11:50 Invited talk : Photothermal switching of silicon resonators integrated with metal-insulator-metal absorbers
Xi Chen (1),Yuechun Shi (2),Fei Lou (1),Lech Wosinski (1),Min Yan (1),Min Qiu (3)
(1)Royal Institute of Technology (Sweden) , (2)Nanjing University (China) , (3)Zhejiang University (China) Here we demonstrated the all-optical switching in a cascade of two silicon microdisk resonators integrated with metal-insulator-metal (MIM) absorbers. The tuning of the individual silicon microdisk is induced by the localized heat generation in the continuous-wave (CW) laser pumped MIM absorber. Such a design requires no buffer layer and enables localized heat injection on the selected device, which provides a promising route to the densely integrated micro-resonator switch array with fast temporal response and low switching power.
12:10 Invited talk : Hybrid plasmonic waveguide for nonlinear four-wave mixing generation and enhancement
Stefano Palomba (1),Fernando Diaz (1),Boris Kuhlmey (1),Taiki Hatakeyama (2),Xiang Zhang (2)

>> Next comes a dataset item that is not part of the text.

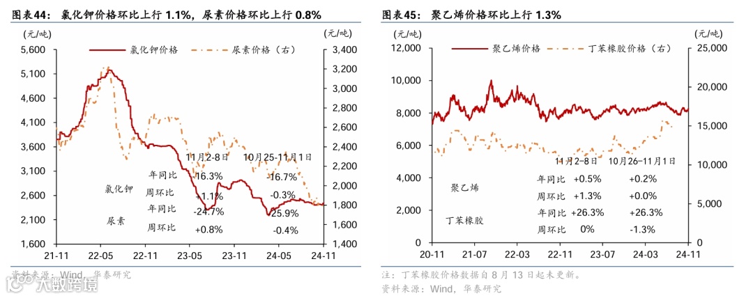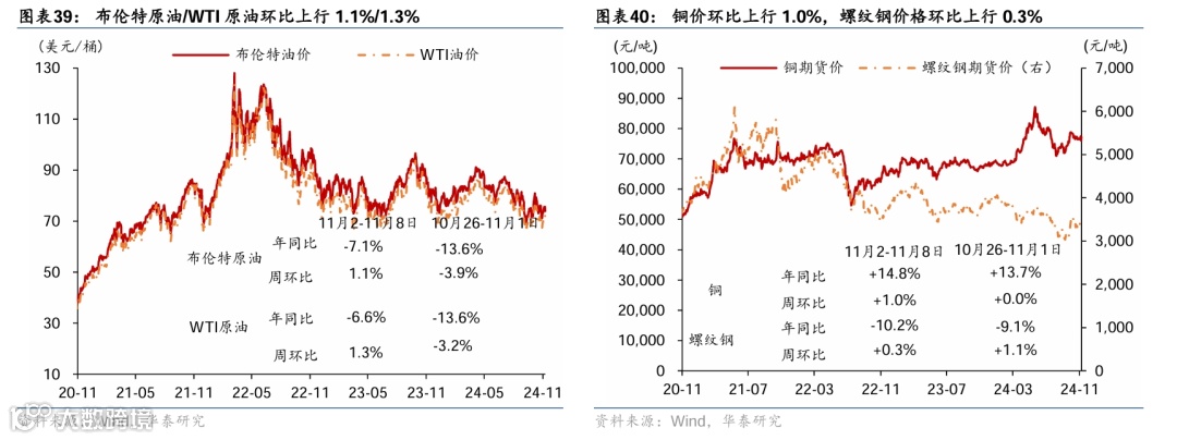 上游:上周国际油价环比上行,金价持续走低。布伦特原油价格环比上行1.1%至73.9美元/桶,WTI原油价格环比上行1.3%至70.4美元/桶。主要受美国大选结束叠加美联储降息25bp扰动;COMEX黄金持续走低至2,692美元/盎司。
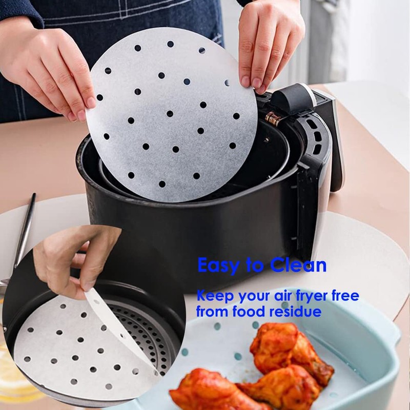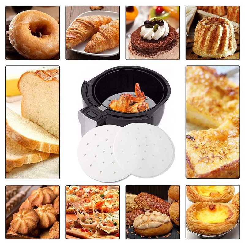 - Non-stick and Easy to Use - The air fryer liners keeps your air fryer basket or steamer free of food residues and make them clean easily. Food can be easily slide off from the baking tray and you just need to remove the paper and throw it away after baking. Our pre-cut perforated parchment liners are ready to use straight from the pack in round 8 inches

(1)University of Sydney (Australia) , (2)University of California (USA) We report the first experimental demonstration of a nonlinear four-wave mixing signal generated in a hybrid plasmonic waveguide (HPWG), constituted by a nonlinear dielectric material (Si3N4), sandwiched between a metallic layer (gold) and a Si nanowire. We observe an enhanced nonlinear signal compared to the bare Si nanowire in case of a high order TM mode excitation.